By Jack Elliott
This year’s edition of Sun’n Fun opened in a burst of clear blue skies and a relaxed, “let’s have fun”atmosphere. Hundreds of vendors exhibit in four big buildings and in outdoor booths. There was no shortage of aircraft on display, including Light Sport Aircraft (LSA) and ultra-lights.
The big question: with the economy grounded, how badly would it affect attendance? On opening day, it seemed obvious that the crowd wasn’t as big as it had been in years past. But who expected it to be? The question then shifted to the caliber of attendees. They certainly seemed like the cream of the crop. At many of the booths, there seemed to be high level of activity. There was a great deal of interest in the aircraft accessories offered.

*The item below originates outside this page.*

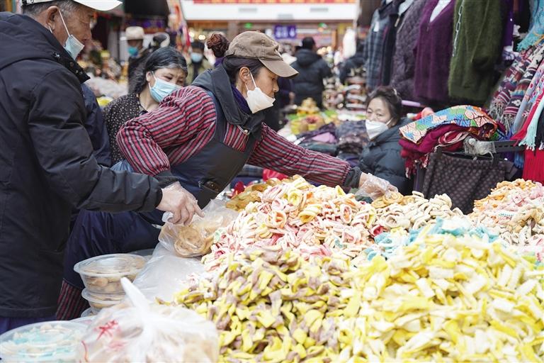 “市場現(xiàn)有1200多家商戶,經營商品有零食、蔬菜、肉類、干雜、五金、服裝等。藏歷新年臨近,每天前來置辦年貨的市民絡繹不絕,日均人流量超1萬。為保證藏歷新年期間年貨充足,市場商戶們提前籌備、積極備貨,目前,各類商品庫存充足、品種豐富,基本上能夠滿足不同消費者的需求?!睕_賽康商貿有限公司負責人尼瑪告訴記者。此外,沖賽康市場將于2月19日至27日暫停營業(yè),28日起正常營業(yè)。

Another indication of the overall mood was evident in the LSA area. There were new names out there like the Dynamic, a Czechoslovakian aircraft made by the same company that makes the Mermaid LSA amphibian. The Dynamic lists for $135,000 fully equipped, including a glass cockpit and two-axis autopilot.
Throughout the LSA area you could hear pilots saying, “This is the answer.” The price of these aircraft is a fraction of FAA-certified aircraft. They burn less fuel and are cheaper to insure.
One especially interesting and innovative feature in this aircraft category is a new option on the Miniature Mustang II.
It is now available with folding wings, like a fighter aboard an aircraft carrier. The option is priced at $490. It is possible to park it under the wing of a Cessna so the Cessna can be moved in and out without disturbing the Mustang.
Other new LSAs on display were the STOL 750 LS and the Zodiak 659, both made in the U.S. by the same company. Another newcomer was the Zenith 801.
We encountered the most interesting story of the event at the Sun’n Fun Museum. There we met an old friend, Howard Lee, who is a volunteer in the museum and a fountain of information on most of the exhibits. The museum is not especially large, but it is big enough to house a couple dozen or so aircraft, several of which are one-of-a-kind. Lee said we couldn’t leave without hearing the story of one rare aircraft in their collection.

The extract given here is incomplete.